Исчезнувший аптекарь - Куклей Анастасия Львовна 2 стр.


– Тогда, может быть, – процедил он сквозь зубы, – ты объяснишь мне, зачем, во имя Господа, вы застрелили моего медведя?

– Я не хотел, – сказал я. Том, стоявший рядом, энергично кивнул. – Это вышло случайно.

Мой ответ, казалось, разозлил учителя ещё сильнее.

– Ты целился в бобра, но промахнулся?

Не осмеливаясь говорить, я молча указал на котёл, всё ещё стоявший на столе у камина. Несколько секунд мастер Бенедикт молчал. Затем он проговорил:

– Вы стреляли свинцовыми пулями… в железный котёл… с расстояния шести футов?

Я посмотрел на Тома.

– Я… мы… да?

Учитель закрыл глаза и прижал руку ко лбу. Затем наклонился ближе.

– Томас, – проговорил он.

Том дрожал. Мне подумалось, что он вот-вот рухнет в обморок.

– Да, сэр?

– Ступай домой.

– Да, сэр.

Том отступил, неуклюже кланяясь снова и снова. Он подхватил со стола свою сорочку и выскочил на улицу. Дверь захлопнулась за его спиной.

– Учитель … – начал я.

– Закрой рот! – рявкнул он.

Я повиновался.

Абсолютно нормальное явление, когда ученик – в данном случае я – получает крепкую, от души, порку. Но за три года, что я прожил с мастером Бенедиктом, он ни разу меня не бил. Никогда. Это было настолько необычно, что я провёл целый год под его опекой, прежде чем понял: он действительно меня не ударит. Том, который каждый день ощущал на своей шкуре тяжёлую руку отца, полагал, что это несправедливо. Я же думал: более чем справедливо, учитывая, что свои первые одиннадцать лет я провёл в сиротском приюте при госпитале Христа, где воспитатели раздавали оплеухи, как конфеты на охоте за пасхальными яйцами.
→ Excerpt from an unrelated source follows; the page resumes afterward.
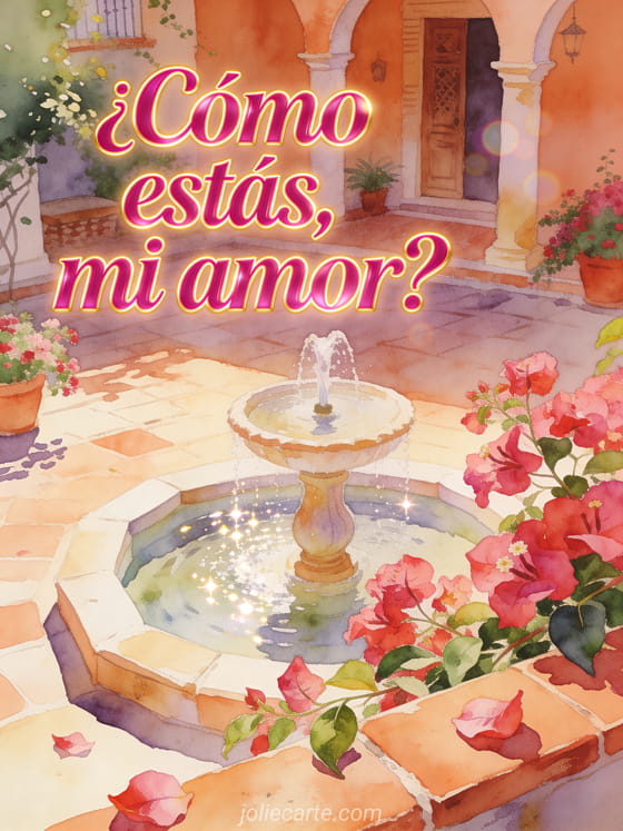 Pregunta con calidez mediante letras fucsia luminosas, flores de buganvilla, una pequeña fuente y agua brillante en un patio mediterráneo soleado. Descubre también una sí estoy bien mi querida, una tarjeta de cómo está mi hija o un saludo de hola amigos cómo están.
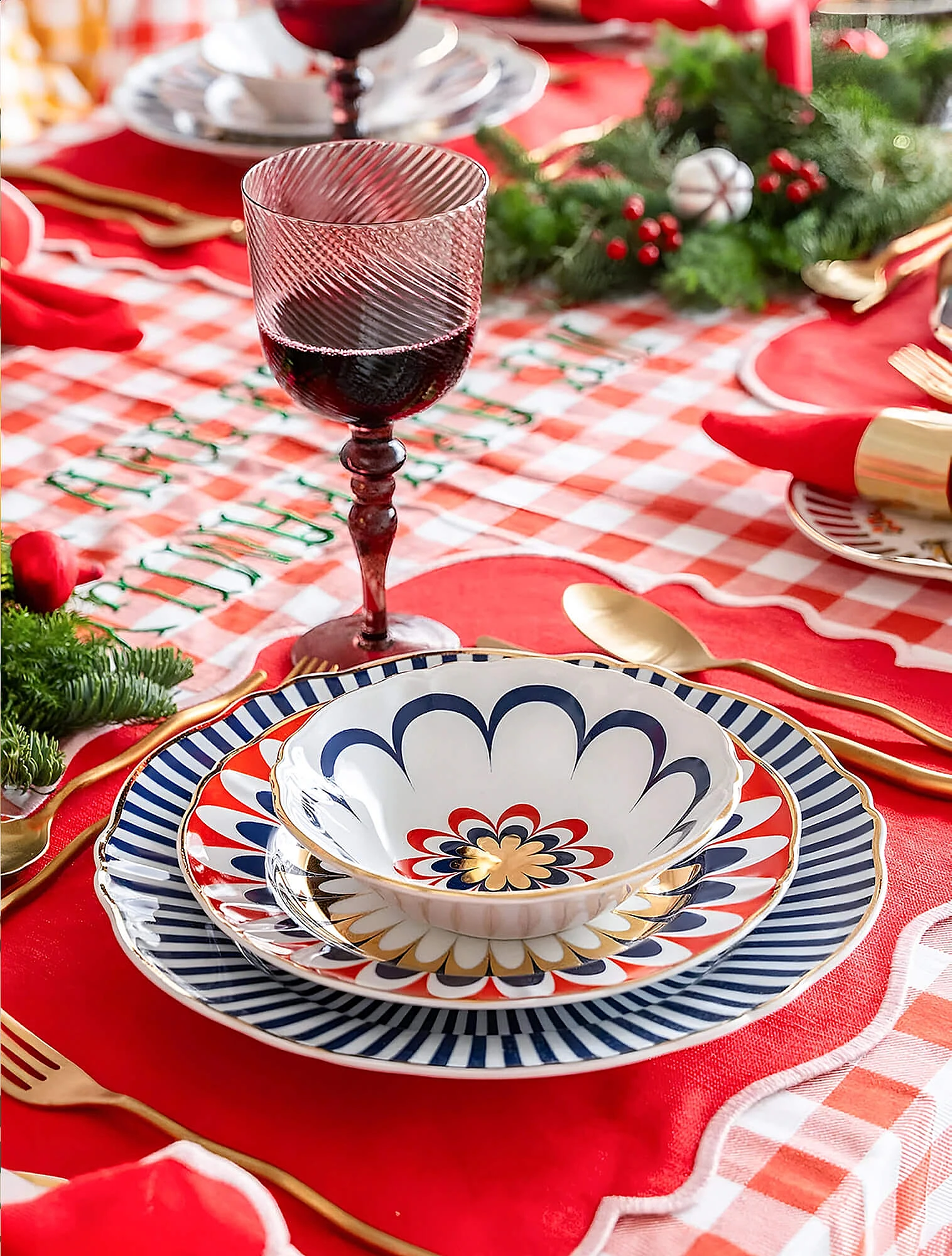При этом цвет сам по себе не делает посуду дофаминовой. Существует множество ярких коллекций, лишённых характерного настроения. Например, серия Florentine от Wedgwood: её палитра разнообразна, но орнамент с грифонами и фениксами остаётся строго классическим.

Иногда мне хотелось, чтобы мастер Бенедикт ударил меня. Но вместо этого, если я делал что-то не так, он просто на меня смотрел. Его разочарование проникало внутрь, словно червь, погружаясь в самое сердце и оставаясь там.

Как сейчас.

– Я доверял тебе, Кристофер, – сказал он. – Каждый день. Доверял нашу лавку. Наш дом. И вот как ты к этому отнёсся?

Я повесил голову.

– Я… я не думал…

– Это же очевидно! – вспылил мастер Бенедикт. – Пушка! Ты мог выжечь себе глаза. Трубу могло разорвать. А если б ты действительно попал в котёл – и Господь, видать, правда благоволит к дуракам, потому что я не понимаю, как ты ухитрился промахнуться – я бы отскребал твои остатки от стен до самого Рождества. У тебя вообще нет мозгов?

– Простите, – промямлил я.

– И ты застрелил моего чёртова медведя.

Хью фыркнул.

– Не поощряй его, – сказал мастер Бенедикт. – Он и так мне прибавил седых волос.

Хью примирительно вскинул руки. Мастер Бенедикт обернулся ко мне.

– И если уж на то пошло, где ты взял порох? – спросил он.

– Я его сделал.

– Сделал?

Он, казалось, только что заметил банки на столе. Затем увидел пергамент с шифром, который мы с Томом оставили возле них. Мой учитель посмотрел на него, потом перевернул. Я не мог прочитать выражение его лица.

– Ты расшифровал это? – сказал он.

Я кивнул.

Хью взял из рук учителя листок и осмотрел его. Потом глянул на мастера Бенедикта. Казалось, будто между ними произошёл какой-то безмолвный разговор, но я не мог понять, о чём они думают. Внезапно я ощутил надежду. Учитель всегда радовался, когда я удивлял его чем-то новым. Возможно, ему приятно, что я решил эту головоломку самостоятельно.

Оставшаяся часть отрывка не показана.